Fui hasta la puerta.

—Tengo que ir a casa, darme un baño, hacer gárgaras y arreglarme las uñas.

—¿No estará enfermo?

—Sólo sucio —dije—. Pero sucio sucio.

—Bueno, ¿y qué prisa tiene? Siéntese un minuto. —Se inclinó hacia atrás y metió los pulgares en las sisas del chaleco, lo que le dio un poco más aspecto de policía, pero no mejoró en lo más mínimo su magnetismo.

—Ninguna prisa —dije—. Ninguna en absoluto. No hay nada más que pueda hacer. Parece que la tal Velma está muerta, si la señora Florian dice la verdad…, y en este momento no sé de ninguna razón para que esté mintiendo. No hay nada más que me interese.

—Claro —dijo Nulty con desconfianza, por pura fuerza de la costumbre.

—Y como usted tiene a Malloy en el saco de todos modos, no hay más que hablar. De manera que yo me vuelvo a casa, a intentar otra vez ganarme la vida.
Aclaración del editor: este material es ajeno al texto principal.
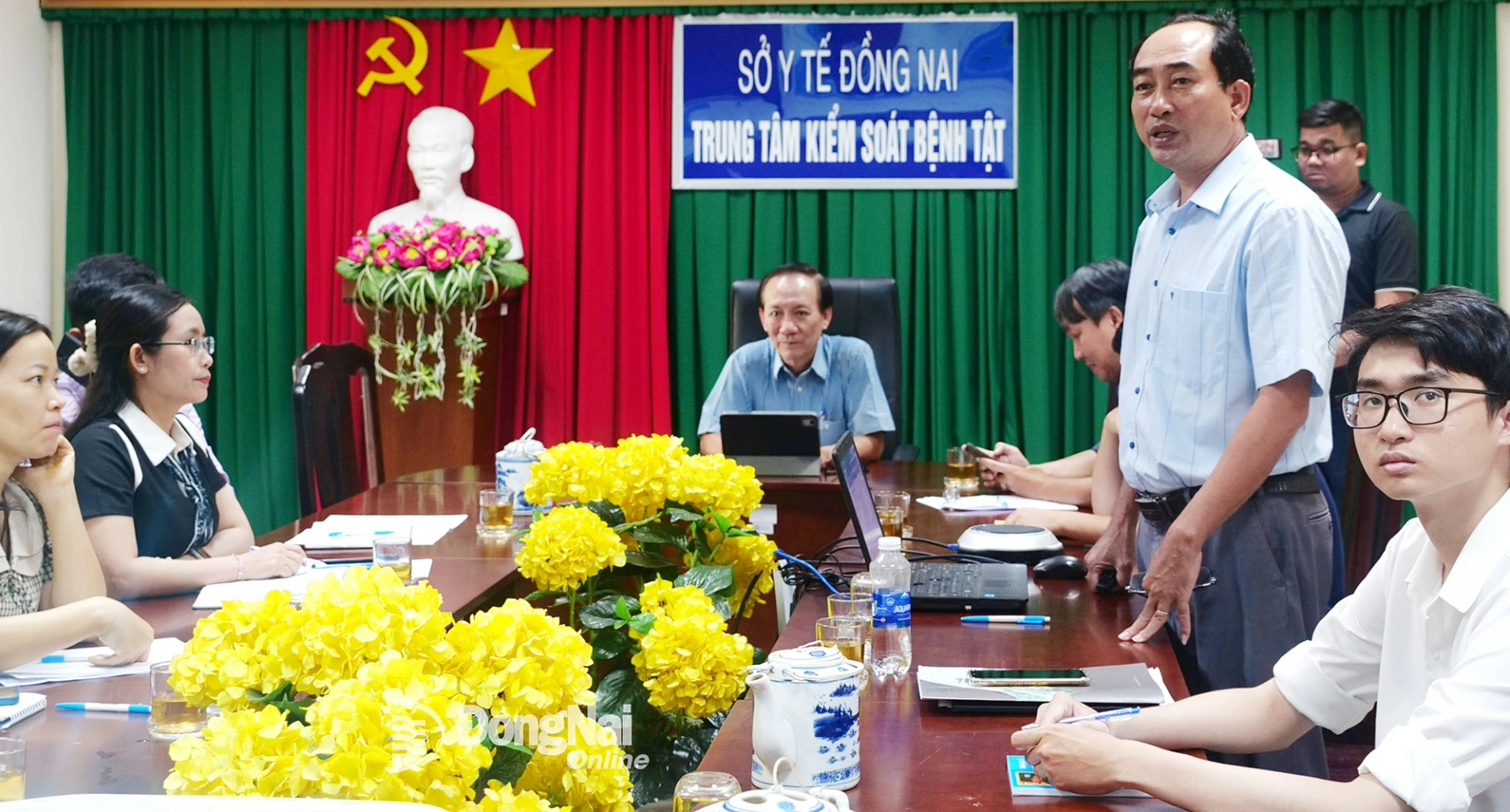 | Lãnh đạo Khoa Phòng, chống bệnh truyền nhiễm, Trung tâm Kiểm soát bệnh tật tỉnh Đồng Nai báo cáo tình hình dịch bệnh trên địa bàn tỉnh trong năm 2025. Ảnh: Hạnh Dung |

—Puede que no nos salga bien lo de Malloy —dijo Nulty—. La gente se escabulle de cuando en cuando. Incluso pesos pesados. —También había desconfianza en sus ojos, en la medida en que se les podía atribuir una expresión—. ¿Cuánto le ha dado ella?

—¿Qué?

—¿Cuánto le ha dado la vieja por dejarlo?

—¿Dejar qué?

—Lo que sea que va usted a dejar de ahora en adelante. —Sacó los pulgares de las sisas del chaleco, y los unió delante del pecho, empujándolos uno contra otro. Sonrió.

—¡Por el amor de Dios! —dije, marchándome del despacho y dejándolo con la boca abierta.

Cuando ya tenía la puerta a mi espalda, di marcha atrás, la abrí de nuevo sin hacer ruido y miré dentro. Nulty estaba sentado en la misma postura, apretando los pulgares, uno contra otro. Pero ya no sonreía. Parecía preocupado. Y seguía con la boca abierta.

No se movió, ni alzó los ojos. No sé si me oyó o no. Cerré la puerta de nuevo y me marché.